Introduction: Gaucher disease (GD1) is caused by the enzymatic deficiency of β-glucocerebrosidase. This leads to accumulation of sphingolipids in organs, such as the liver, spleen, and bone marrow. Bone involvement is frequent in GD1, causing pain, necrosis and even fractures or growth deficits in children, leading to painful surgeries and progressive decrease in quality of life.
Methodology: A non-experimental retrospective observational study was performed using a database of 30 patients with clinical suspicion and enzymatic and/or molecular confirmation of GD1; the numbers and percentages of occurrence for each sign were determined.

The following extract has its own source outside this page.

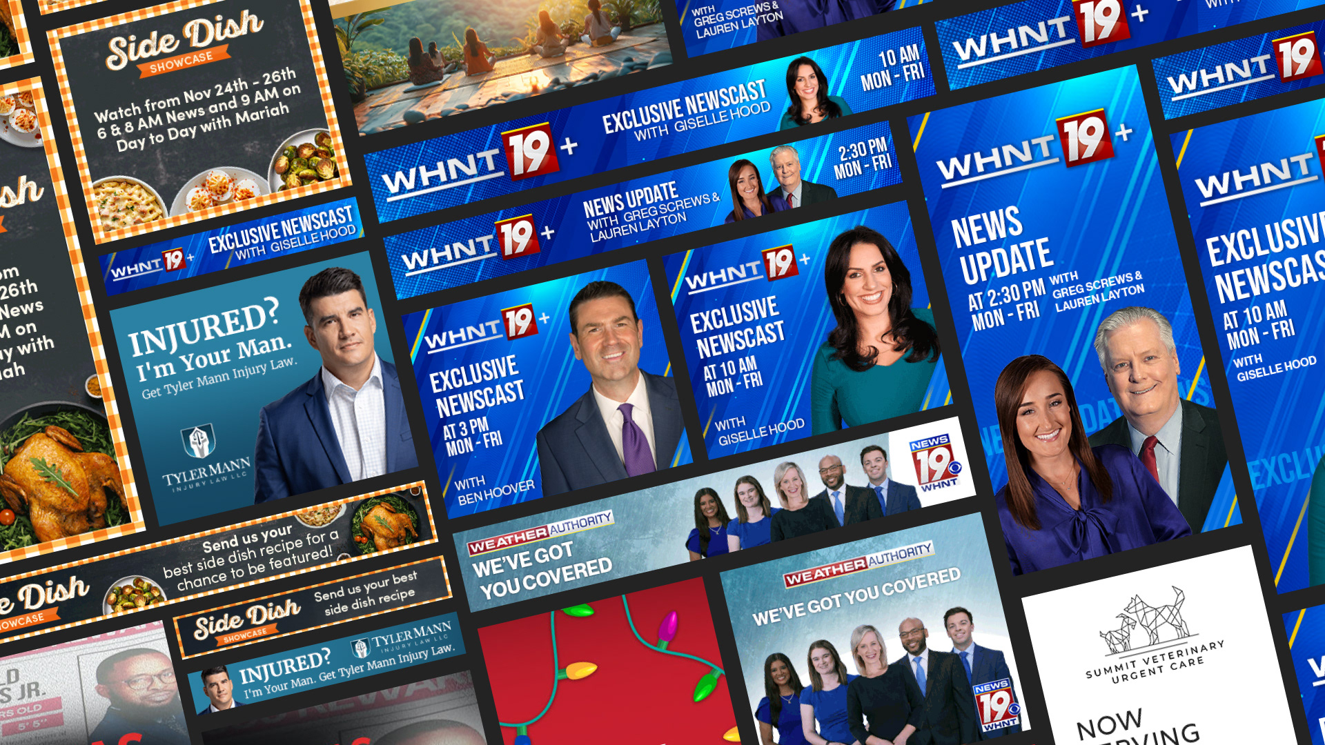 WHNT News 19 is the CBS affiliate for the Huntsville–Decatur–Florence area, delivering local news across broadcast and digital platforms. The projects below highlight the broadcast graphics, digital campaigns, logos, and app visuals I've worked on during my time at the station.
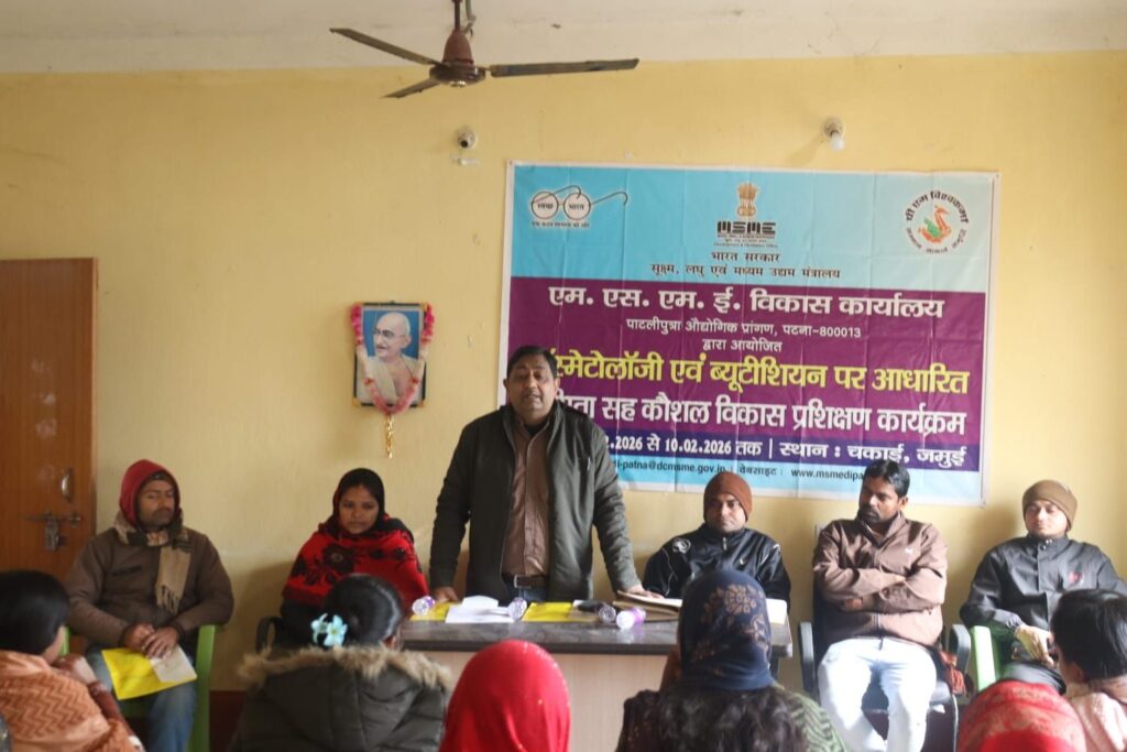 जमुई । जिला अंतर्गत चकाई में भारत सरकार के एमएसएमई मंत्रालय के पटना स्थित एमएसएमई विकास कार्यालय पटना द्वारा सहायक निदेशक श्री सुनील कुमार अग्निहोत्री जी के मार्गदर्शन में 6 सप्ताह तक चलने वाला कॉस्मेटोलॉजी एवं ब्यूटीशियन पर आधारित उद्यमिता कौशल विकास कार्यक्रम का उद्घाटन स्थानीय मुखिया,दिनेश रजक जी ने दीप प्रज्वलित करके किया l

Results: Bone pain was the most common symptom and was reported in 23% of the sample. 13/30 (43%) patients had report of at least one radiograph requested during the study : 6 of them, with some bone alteration, being the most frequent : increases in acetabular coverage with signs of femoroacetabular impingement, decrease in height and morphology and Erlenmeyer deformity; 14/30 (48%) of the patients presented at least one result of Magnetic Resonance Imaging (MRI); in the femur MRI of 4 patients there was a decrease in the signal intensity of the bone marrow, both in T1 and T2 sequences, involving various bone areas and changes of infiltrative bone disease; finally in 7/30 (7. 5%) presented at least one bone densitometry result (DEXA): 3 presented low bone mineralization. The patients who present the p. Asn409Ser allele may present more predisposition to bone disease.
Conclusion: The present study highlights the importance of early diagnosis, to access timely treatment, to prevent bone complications typical of the disease, improving prognosis, quality of life and morbi-mortality in GD1.